__Goal of the exercise__: Below are the records; repeat exactly their lines between the line holding "ID complete |" and the line holding "Все аукционы TOYOTA RAUM", inclusive, skipping the pictures.

__Supplied records__:

====

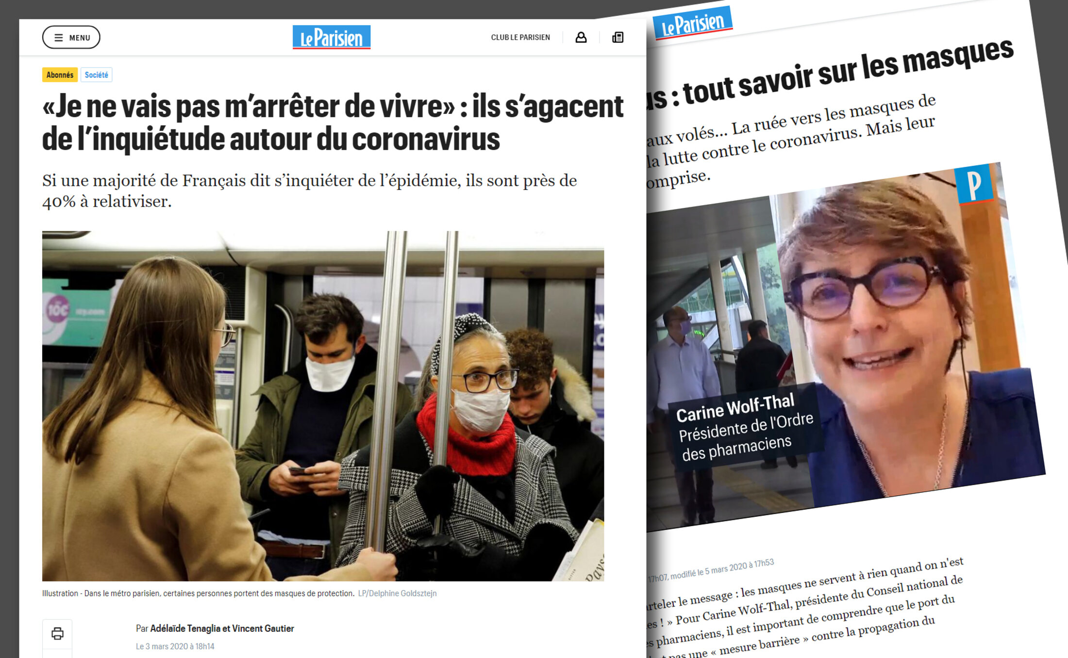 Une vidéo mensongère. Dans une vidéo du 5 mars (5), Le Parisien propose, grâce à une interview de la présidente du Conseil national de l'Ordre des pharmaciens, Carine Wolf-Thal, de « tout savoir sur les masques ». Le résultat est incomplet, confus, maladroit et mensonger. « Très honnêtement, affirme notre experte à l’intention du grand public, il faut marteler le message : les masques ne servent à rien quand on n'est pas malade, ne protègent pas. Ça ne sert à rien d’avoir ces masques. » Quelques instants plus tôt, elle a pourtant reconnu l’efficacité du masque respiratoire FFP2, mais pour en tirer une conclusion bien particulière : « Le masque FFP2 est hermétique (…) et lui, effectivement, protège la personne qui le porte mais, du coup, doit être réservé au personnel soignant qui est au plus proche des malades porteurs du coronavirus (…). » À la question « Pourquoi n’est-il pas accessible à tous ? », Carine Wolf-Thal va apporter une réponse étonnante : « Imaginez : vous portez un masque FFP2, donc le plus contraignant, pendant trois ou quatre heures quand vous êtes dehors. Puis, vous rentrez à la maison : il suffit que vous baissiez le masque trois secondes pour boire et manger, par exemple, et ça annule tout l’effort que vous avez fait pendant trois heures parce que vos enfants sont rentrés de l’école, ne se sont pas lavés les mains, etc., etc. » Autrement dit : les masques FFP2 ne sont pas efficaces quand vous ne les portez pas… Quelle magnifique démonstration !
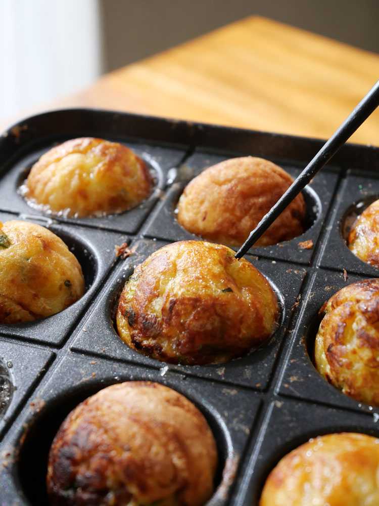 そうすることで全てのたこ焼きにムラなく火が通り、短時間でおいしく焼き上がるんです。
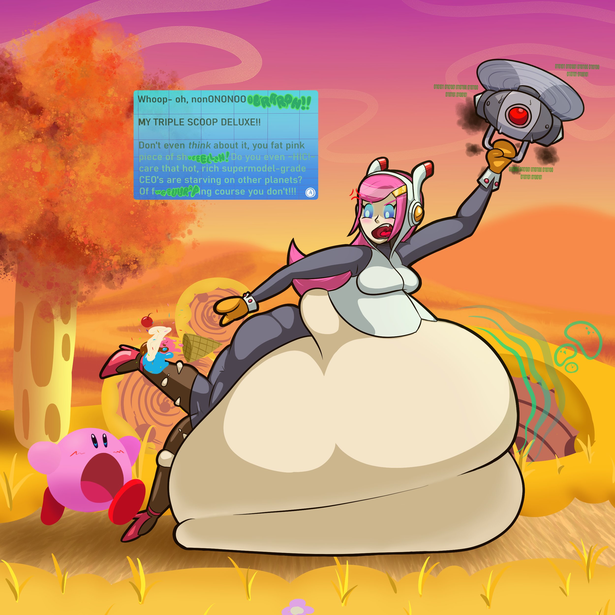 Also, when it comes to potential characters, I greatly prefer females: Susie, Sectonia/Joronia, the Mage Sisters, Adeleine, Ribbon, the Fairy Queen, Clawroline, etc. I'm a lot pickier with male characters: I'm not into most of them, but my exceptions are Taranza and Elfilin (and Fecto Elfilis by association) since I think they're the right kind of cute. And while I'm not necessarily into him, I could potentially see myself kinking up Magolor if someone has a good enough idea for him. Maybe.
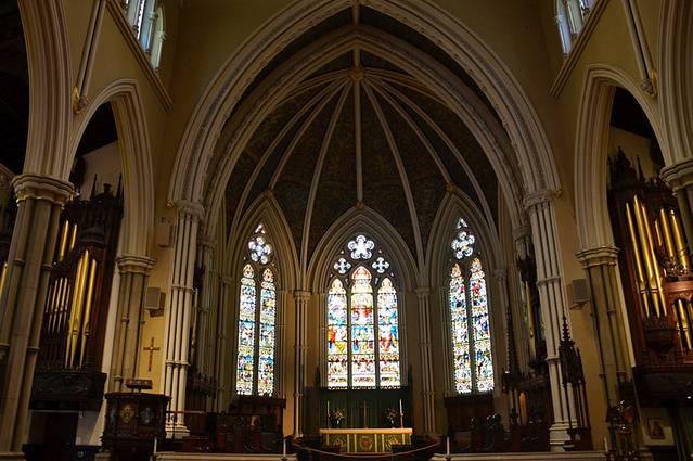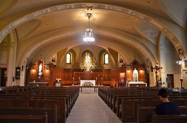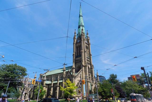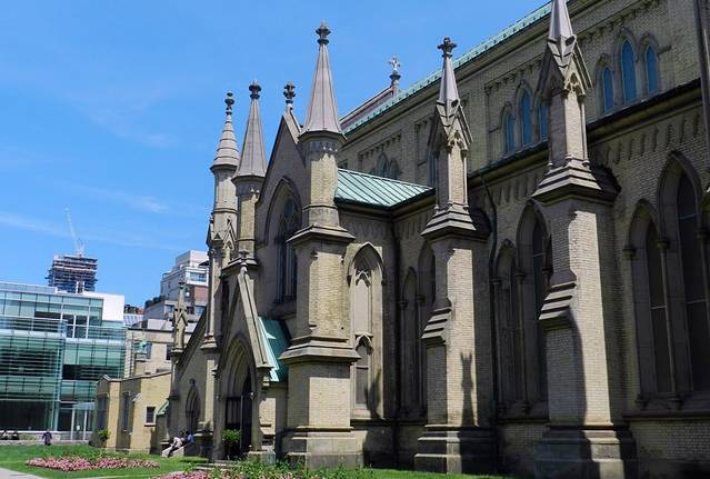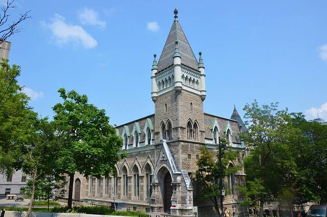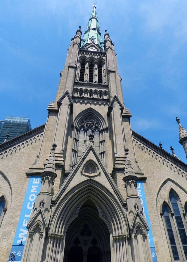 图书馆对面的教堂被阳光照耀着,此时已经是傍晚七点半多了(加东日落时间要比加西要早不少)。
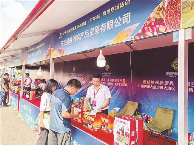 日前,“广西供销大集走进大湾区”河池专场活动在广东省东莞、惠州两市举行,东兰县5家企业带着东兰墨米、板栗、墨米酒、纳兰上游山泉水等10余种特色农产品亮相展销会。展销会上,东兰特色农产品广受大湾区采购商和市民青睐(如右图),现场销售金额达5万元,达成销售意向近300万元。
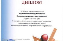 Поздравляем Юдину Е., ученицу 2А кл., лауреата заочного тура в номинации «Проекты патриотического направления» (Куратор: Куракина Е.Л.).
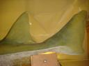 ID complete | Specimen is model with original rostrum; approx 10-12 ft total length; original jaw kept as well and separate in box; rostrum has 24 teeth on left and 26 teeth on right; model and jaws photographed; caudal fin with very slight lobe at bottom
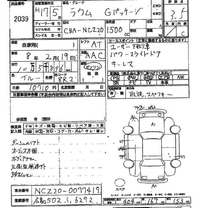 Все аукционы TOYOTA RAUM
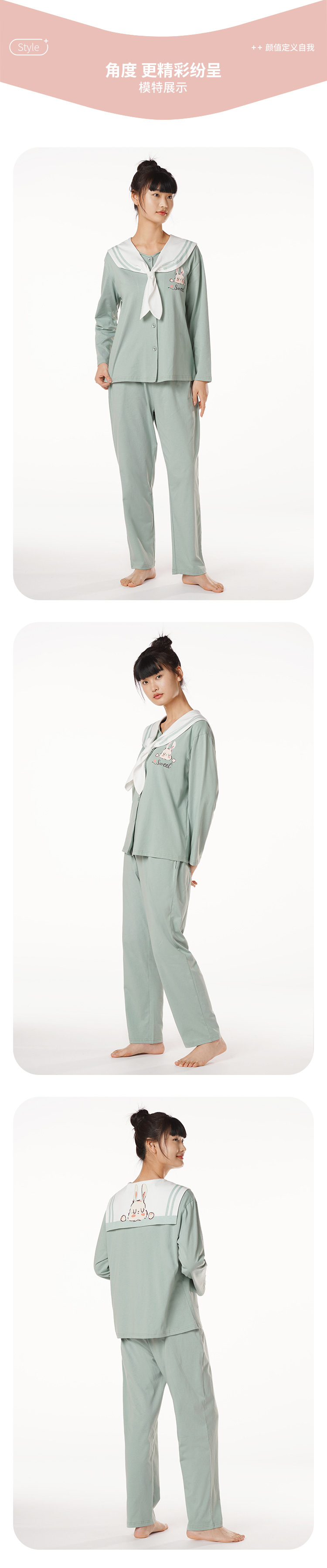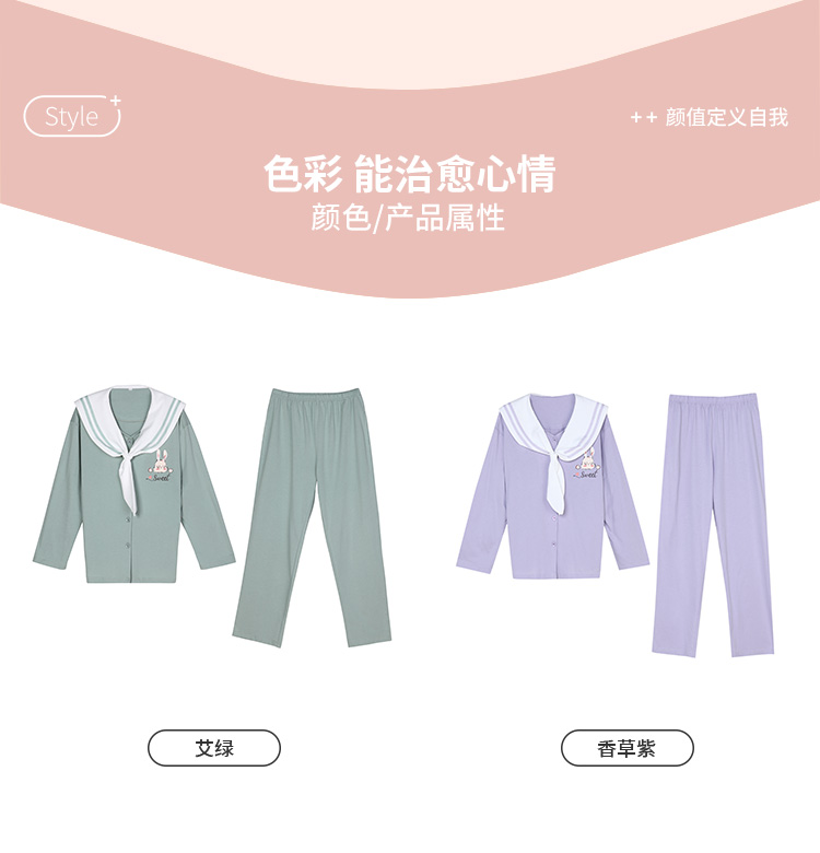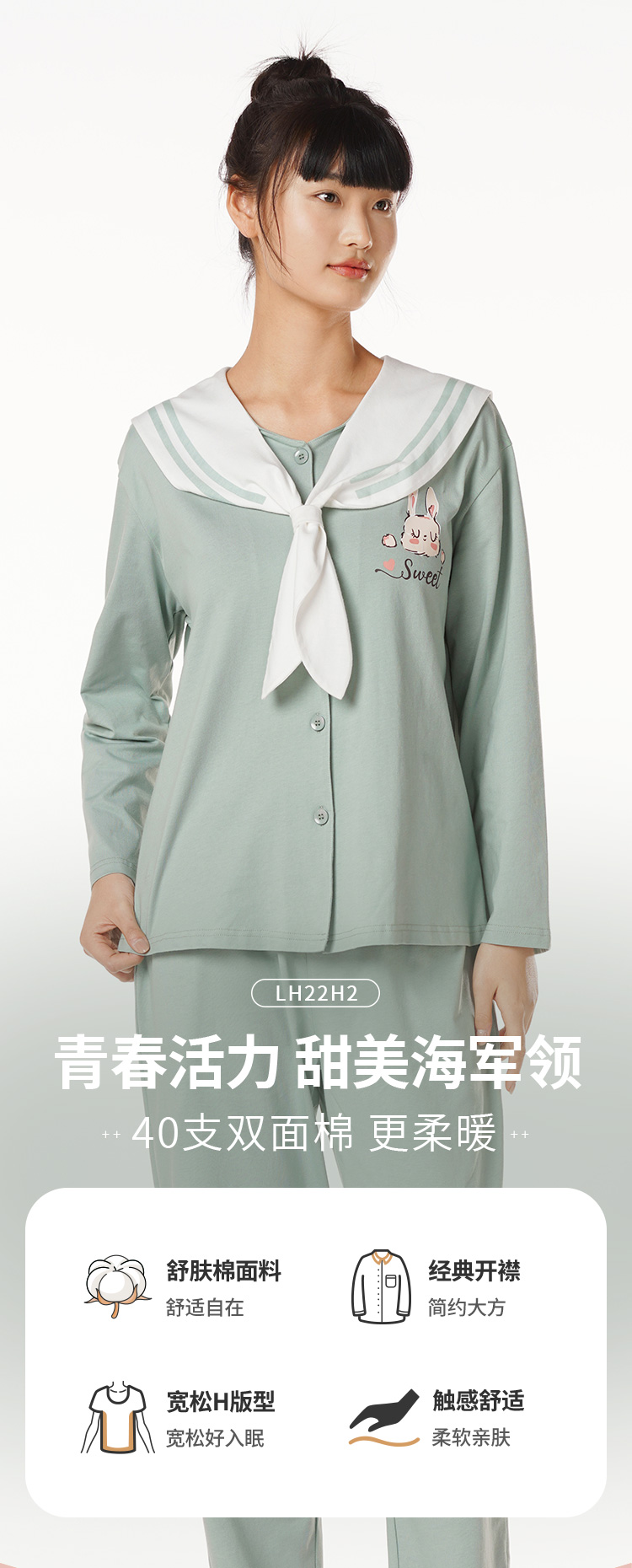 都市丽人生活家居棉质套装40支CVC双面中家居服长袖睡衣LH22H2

====

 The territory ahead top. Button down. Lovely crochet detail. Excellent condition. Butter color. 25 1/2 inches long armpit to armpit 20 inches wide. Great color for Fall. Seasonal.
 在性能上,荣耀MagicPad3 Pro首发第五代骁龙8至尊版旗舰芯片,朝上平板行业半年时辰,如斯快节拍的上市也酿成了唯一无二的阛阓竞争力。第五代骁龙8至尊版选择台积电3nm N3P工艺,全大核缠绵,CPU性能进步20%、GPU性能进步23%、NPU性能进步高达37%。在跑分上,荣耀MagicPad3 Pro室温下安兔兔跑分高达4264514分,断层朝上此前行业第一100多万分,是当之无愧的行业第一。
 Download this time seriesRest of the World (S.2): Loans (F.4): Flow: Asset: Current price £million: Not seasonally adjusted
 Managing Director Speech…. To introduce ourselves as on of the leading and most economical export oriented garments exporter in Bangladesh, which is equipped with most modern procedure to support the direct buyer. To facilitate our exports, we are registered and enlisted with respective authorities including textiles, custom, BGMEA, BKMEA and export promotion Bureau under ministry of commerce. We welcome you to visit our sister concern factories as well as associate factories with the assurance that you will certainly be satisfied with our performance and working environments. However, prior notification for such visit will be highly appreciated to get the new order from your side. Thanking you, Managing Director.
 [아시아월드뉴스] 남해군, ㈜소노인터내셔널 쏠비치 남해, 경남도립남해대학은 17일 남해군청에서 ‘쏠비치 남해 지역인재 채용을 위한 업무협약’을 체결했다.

====

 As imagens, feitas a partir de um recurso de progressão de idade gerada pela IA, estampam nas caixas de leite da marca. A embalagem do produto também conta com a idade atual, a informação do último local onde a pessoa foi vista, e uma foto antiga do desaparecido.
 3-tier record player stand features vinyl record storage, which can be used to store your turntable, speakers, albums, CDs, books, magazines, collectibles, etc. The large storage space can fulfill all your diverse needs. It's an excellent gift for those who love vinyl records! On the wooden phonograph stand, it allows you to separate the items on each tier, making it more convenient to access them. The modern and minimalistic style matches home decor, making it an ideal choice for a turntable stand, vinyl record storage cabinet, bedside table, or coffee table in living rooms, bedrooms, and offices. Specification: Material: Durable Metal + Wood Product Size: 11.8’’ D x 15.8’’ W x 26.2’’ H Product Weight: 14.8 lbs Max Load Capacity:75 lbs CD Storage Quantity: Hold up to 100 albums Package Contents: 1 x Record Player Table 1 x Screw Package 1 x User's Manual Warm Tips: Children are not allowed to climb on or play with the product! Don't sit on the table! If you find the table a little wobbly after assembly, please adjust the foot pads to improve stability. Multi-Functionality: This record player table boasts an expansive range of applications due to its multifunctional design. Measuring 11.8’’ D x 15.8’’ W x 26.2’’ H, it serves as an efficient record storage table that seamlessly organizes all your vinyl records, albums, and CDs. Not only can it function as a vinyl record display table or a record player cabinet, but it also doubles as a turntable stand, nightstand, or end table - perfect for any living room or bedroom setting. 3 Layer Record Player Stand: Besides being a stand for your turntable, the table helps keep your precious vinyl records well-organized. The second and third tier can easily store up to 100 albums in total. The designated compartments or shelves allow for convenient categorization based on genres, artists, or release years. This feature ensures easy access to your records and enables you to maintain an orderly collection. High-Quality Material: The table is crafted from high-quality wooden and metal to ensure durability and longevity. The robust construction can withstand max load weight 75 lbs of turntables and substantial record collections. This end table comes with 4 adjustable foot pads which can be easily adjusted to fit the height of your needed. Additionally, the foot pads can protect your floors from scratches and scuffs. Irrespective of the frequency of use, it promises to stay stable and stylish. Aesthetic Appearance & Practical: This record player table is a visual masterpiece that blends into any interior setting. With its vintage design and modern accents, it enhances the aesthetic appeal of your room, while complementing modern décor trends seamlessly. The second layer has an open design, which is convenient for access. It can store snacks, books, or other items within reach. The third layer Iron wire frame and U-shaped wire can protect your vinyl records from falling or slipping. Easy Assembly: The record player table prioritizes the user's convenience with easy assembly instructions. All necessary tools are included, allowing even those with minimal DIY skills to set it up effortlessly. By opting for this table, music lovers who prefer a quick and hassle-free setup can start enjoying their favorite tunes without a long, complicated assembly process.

====

__Result of this exercise__:
 ID complete | Specimen is model with original rostrum; approx 10-12 ft total length; original jaw kept as well and separate in box; rostrum has 24 teeth on left and 26 teeth on right; model and jaws photographed; caudal fin with very slight lobe at bottom
 Все аукционы TOYOTA RAUM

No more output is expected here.